The offsite brainstorming session was supposed to be productive.
It turned into a disaster.
Mira already knew it was going to be a long day when she got stuck sitting next to Rohan on the two-hour drive to Lonavala. The agency had booked a cozy resort with glass cottages and scenic hills, thinking fresh air would lead to fresh ideas. What it led to, instead, was tension.
She hated how casually Rohan leaned back in his seat, typing on his phone like this was just another day in his picture-perfect life. Meanwhile, she was juggling sticky notes, a mini whiteboard, and a rising sense of irritation.
“I swear,” she muttered, not even trying to hide it, “if you try to change the pitch structure again, I’m throwing your laptop out the window.”
Rohan looked up calmly. “Relax. I haven’t said anything yet.”
“That’s exactly the problem.”
He just smiled, like she was amusing. Like none of this touched him. And somehow, that made her angrier than if he’d fought back.
---
By late afternoon, they hadn’t gotten anywhere.
Ideas kept clashing, and so did they. Sameer and the interns tried to mediate, but eventually gave up and left them in one of the empty cottages with a whiteboard and some snacks. Big mistake.
“You never listen,” Mira snapped, standing in front of the board, marker in hand. “You just bulldoze through what you think works.”
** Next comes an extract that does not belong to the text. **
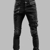 Gotiska svarta herrjeans i rockstil med slitningar, dragkedjor och spännen

“I listen,” Rohan replied, evenly. “I just don’t always agree with you. There’s a difference.”
She turned to him, arms crossed. “Then why are you even here? If you're going to act like I don’t know what I’m doing—”
“I never said that.” He stood too now, tired of playing calm. “You’re brilliant, Mira. But you think every disagreement is an attack. Not everyone’s out to get you.”
That shut her up.
Because deep down — she knew he was right.
Before she could reply, thunder cracked in the distance.
“Perfect,” she muttered. “As if this day wasn’t crap already.”
Rain came fast, heavy and wild, pounding against the glass windows like it had a personal vendetta. Within minutes, the whole hill station was drowning in fog and cold.
Power cut. Lights flickered. The wind howled through the trees.
“Great,” Rohan muttered. “We’re stuck.”
“Of course we are,” Mira sighed. “Stuck with you, naturally.”
He looked at her then — not annoyed, not smirking — just tired. “You know, for someone who claims to hate me, you spend a lot of time watching me.”
Her breath hitched, just for a second. “I watch everyone I have to work with.”
He stepped closer. “But you fight me. You don’t fight anyone else like this.”
She didn’t move away. She didn’t know why. “You’re different,” she whispered.
The storm outside was deafening now, thunder and wind rolling like waves. But the storm inside? That was quiet. Still. Like they were standing at the edge of something neither of them understood.
“I push you,” Rohan said, voice low, “because you’re the only one who pushes back.”
Mira looked up at him. He was close now. Closer than he’d ever been. And not just physically. His walls weren’t up tonight. Neither were hers.
The tension between them had always been sharp. But now it felt like gravity. Like inevitability.
She looked at his mouth and hated that her heart skipped. Hated that she wanted him to kiss her.
“I don’t know what this is,” she said, honestly.
He swallowed. “Me neither.”
The lights flickered one more time. Then total darkness.
And in that second — the air between them snapped.
His hands found her waist. Hers gripped the front of his shirt. And just like that, after weeks of bickering, they kissed.
It wasn’t soft. It wasn’t sweet. It was raw, confused, full of frustration and heat.
When they finally pulled apart, breathless, Mira whispered, “This changes everything.”
Rohan touched her face gently. “Good.”
Outside, the storm raged. Inside, they’d just stepped into one of their own — and neither of them wanted to find the way out.